About this task
Take the listing below and write it out again exactly, skipping any picture that it holds.

Information provided

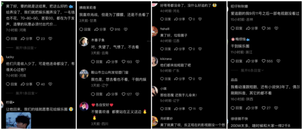 “于回来我们就看。”“让他回来,我们的钱就愿意花给娱乐圈。”“有多少兄弟姐妹9·11后直接恨透娱乐圈 有人赚得盆满钵满 有人没车没房甚至命都没了 看透了 我们终于醒悟了!”
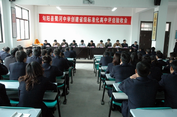 11 月18日,省教育厅验收组对旬阳县蜀河中学创建省级标准化高中工作进行了评估验收,副县长李萍陪同检查,并做重要讲话。
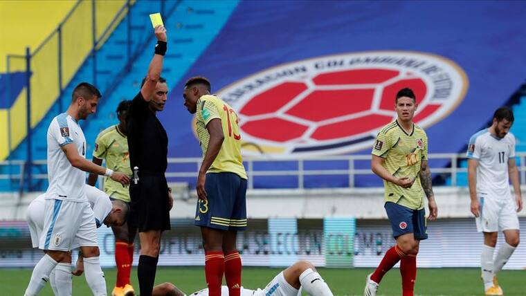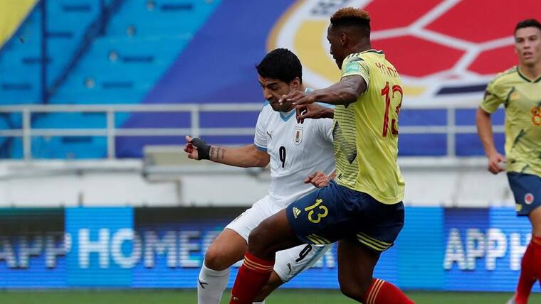 Yerry Mina recibió la tarjeta roja. Edwin Cardona casi encuentra la suya con el codo. Reflejo de la impotencia. Los pupilos del maestro Óscar Washington Tabárez transpiraron y se inspiraron. Los muchachos de Queiroz se nublaron.
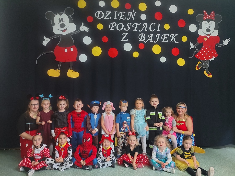 Dnia 04.11.2021 r. odbył się w naszym przedszkolu bal z okazji Dnia postaci z bajek. W tym dniu wszystkie dzieci, wraz z paniami-były przebrane za ulubione postaci z bajek.

Problem solution
 “于回来我们就看。”“让他回来,我们的钱就愿意花给娱乐圈。”“有多少兄弟姐妹9·11后直接恨透娱乐圈 有人赚得盆满钵满 有人没车没房甚至命都没了 看透了 我们终于醒悟了!”
 11 月18日,省教育厅验收组对旬阳县蜀河中学创建省级标准化高中工作进行了评估验收,副县长李萍陪同检查,并做重要讲话。
 Yerry Mina recibió la tarjeta roja. Edwin Cardona casi encuentra la suya con el codo. Reflejo de la impotencia. Los pupilos del maestro Óscar Washington Tabárez transpiraron y se inspiraron. Los muchachos de Queiroz se nublaron.
 Dnia 04.11.2021 r. odbył się w naszym przedszkolu bal z okazji Dnia postaci z bajek. W tym dniu wszystkie dzieci, wraz z paniami-były przebrane za ulubione postaci z bajek.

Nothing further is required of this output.